Film festival presents free screening at Douglas College

ARTS_VLAFF

VLAFF offers film with director Q-and-A

By Cheryl Minns, Arts Editor

The 12th annual Vancouver Latin American Film Festival (VLAFF) is now playing at various theatres and post-secondary campuses across the Greater Vancouver area, including Douglas College’s New Westminster campus. Students, faculty, and members of the community are invited to a free screening of the Chilean drama, Illiterate in lecture theatre 2201 at 2:30 p.m. on September 4.

“The film is called Illiterate and it says there are many ways of being illiterate in this world. For a university crowd to reflect on what is literacy, how do we learn, how do we teach—those are themes that are present in the film,” said Ruth Mandujano-Lopez, a Modern Languages instructor at Douglas College.

“It’s a good opportunity for the public to open their minds to other stories that are different and the same because we are all humans and we share so many things,” she said.

Illiterate director MoisĂ©s SepĂșlveda will be at the screening to present the film and take questions from the audience. Last year’s screening of Nothing More attracted about a hundred guests and concluded with a 30-minute discussion with the director, Juan Carlos Cremata Malberti.

“Last year, we started hosting the director as well, and I think that’s an interesting extra element because it’s not only watching the film but having that chance to speak with the director who made the film,” Mandujano-Lopez said.

Mandujano-Lopez initiated the VLAFF film screening after she invited the VLAFF director, Christian Sida-Valenzuela, to speak to her class and he brought a short film as part of his presentation.

“He presented it to the class and then he discussed it. People were really excited about it.
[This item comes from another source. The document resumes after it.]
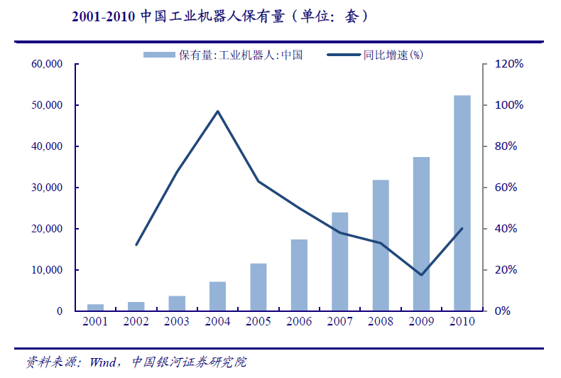 人口結(jié)構(gòu)變化導(dǎo)致用勞緊缺,中國(guó)工業(yè)機(jī)器人迎來初次發(fā)展。中國(guó)工業(yè)機(jī)器人在經(jīng)歷 1972年-1985 年的萌芽期和 1985 年-2000 年漫長(zhǎng)的技術(shù)研發(fā)期后,由于勞動(dòng)力供不應(yīng)求,終于走上產(chǎn)業(yè)化的道路,開始了萌芽期的高速發(fā)展。2001 年中國(guó)工業(yè)機(jī)器人保有量?jī)H有 1630 套,到 2010年猛增至 52290 套,CAGR 高達(dá) 47.01%。
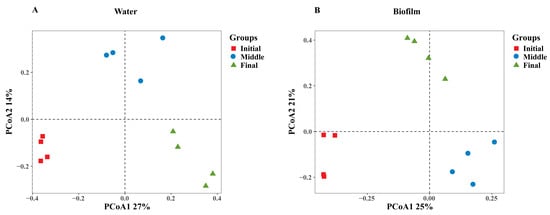 PCoA based on Bray–Curtis’s matrix indicates differences in bacterial community composition in the system. Bacterial communities in water (A) and biofilm (B). Initial, days 15–31; middle, days 46–61; and final, day 76.

That’s when I said, ‘Wait a minute. There’s a lot of potential here.’ I started asking him for a couple of films to show in my own classes and then we said, ‘Why don’t we just make it more formal and be part of the festival?’”

That was how, three years ago, the Douglas College free VLAFF screening was created with financial support from the Language, Literature, and Performing Arts department. This makes Douglas College one of only three post-secondary institutions involved in showing VLAFF screenings, alongside Simon Fraser University and the University of British Columbia.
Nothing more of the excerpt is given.